Paper No. 11
Presentation Time: 11:30 AM


LOURY, Patrick C., Dept. of Geology and Geophysics, University of Utah, Salt Lake City, UT 84112, BOWMAN, John R., Department of Geology and Geophysics, University of Utah, 135 S 1460 E, Salt Lake City, UT 84112, VALLEY, John W., Dept. of Geoscience, University of Wisconsin-Madison, Madison, WI 53706 and SPICUZZA, Michael J., Department of Geoscience, University of Wisconsin-Madison, 1215 W. Dayton St, Madison, WI 53706,

Forsterite (Fo) is developed extensively in dolomitic marbles in the Alta, Utah contact aureole through infiltration-driven metamorphism. Measured oxygen isotope fractionation factors [Δ18O(Cal-Fo)], based on bulk separates of Fo and calcite (Cal), range from 4.1 to 1.4 ‰. Temperatures of metamorphism defined by calcite-dolomite thermometry range from ~460oC at the Fo isograd to ~625oC at the igneous contact. Equilibrium Δ18O(Cal-Fo) factors should range from 6.5 to 4.2 ‰ for this T range (Chiba et al., 1989). Excluding the inner Per zone, measured Δ18O(Cal-Fo) fractionation factors generally decrease, and are increasingly smaller than equilibrium values, with increased metamorphic grade (toward the igneous contact). These measured Δ18O(Cal-Fo) fractionation factors reflect nucleation and growth of Fo under non-equilibrium conditions, zoned Fo, or preferential 18O/16O depletion of calcite in response to continued fluid infiltration during retrograde cooling. Trends in textural parameters of the Fo are compatible with the first two alternatives. As the igneous contact is approached, the number of Fo crystals/mol Fo increases from a minimum of 2.4E+04 to as high as 2.7E+07, and the average Fo crystal size decreases from 0.49 to 0.004 mm2. These trends in oxygen isotope fractionation factors and Fo textures suggest increased reaction overstepping (increased reaction affinity) with increasing T and/or increased heating rates during development of Fo in the aureole.

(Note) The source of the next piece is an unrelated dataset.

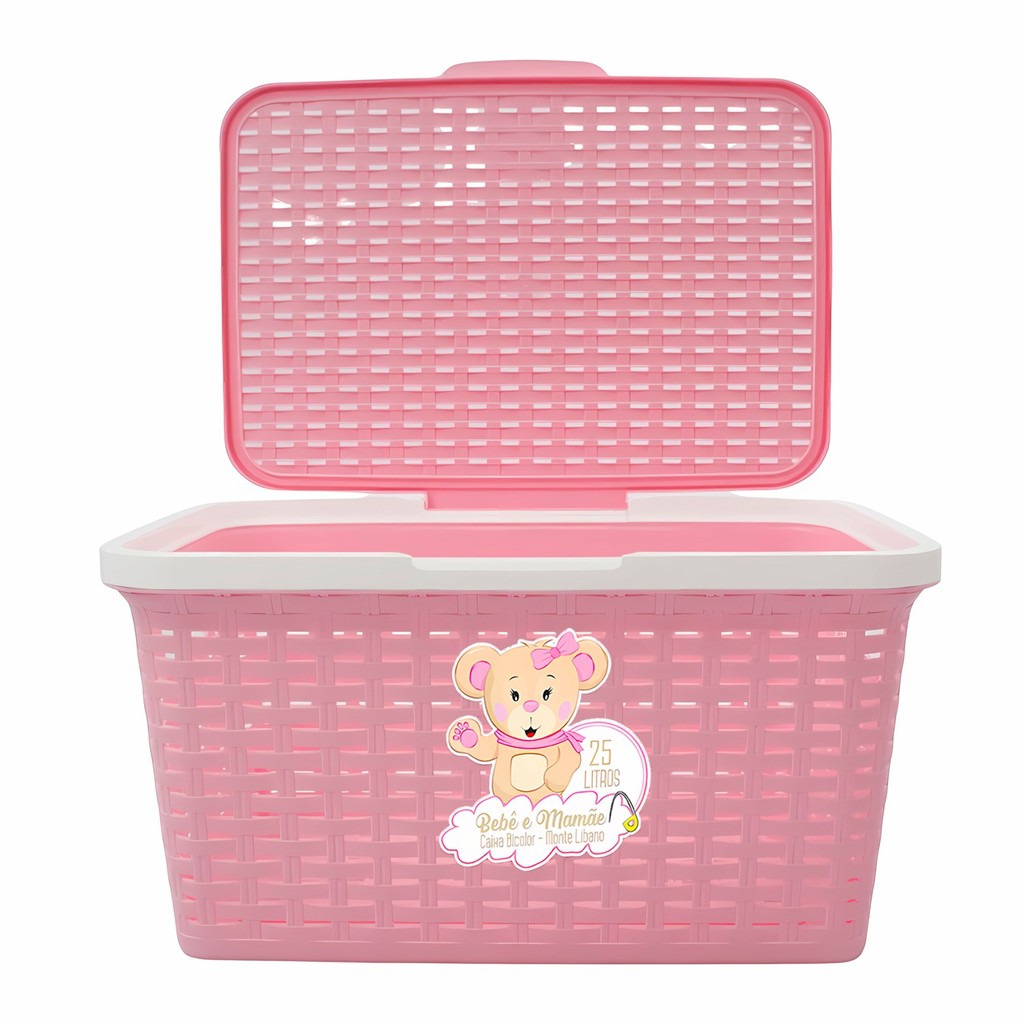 Caixa Organizadora Rosa 25L Com Tampa Para Fraldas Roupinhas E Brinquedos De Bebê Monte Líbano

However, between different carbonate strata in the same outcrop, the number of Fo crystals/mol Fo and average Fo crystal size can vary by a factor of 10, and Δ18O(Cal-Fo) factors can vary by as much as 1.2 ‰. As the T-time histories of samples at the same location within the aureole should be the same, these variations cannot be explained by differences in T or heating rates. At most of these sites, the number of Fo crystals/mol Fo and the δ18O value of the carbonate matrix of the sample are negatively correlated. This negative correlation suggests that reaction overstepping is driven at least in part by the infiltration of low X(CO2) fluids (Ferry et al., 2011), as lower δ18O of the marble correlates with higher fluid flux in the inner Alta aureole.

Chiba et al. (1989), Geochim. Cosmochim. Acta, 53, 2985-2995.

Ferry et al. (2011), J. Petrology, 52, 1619-1640.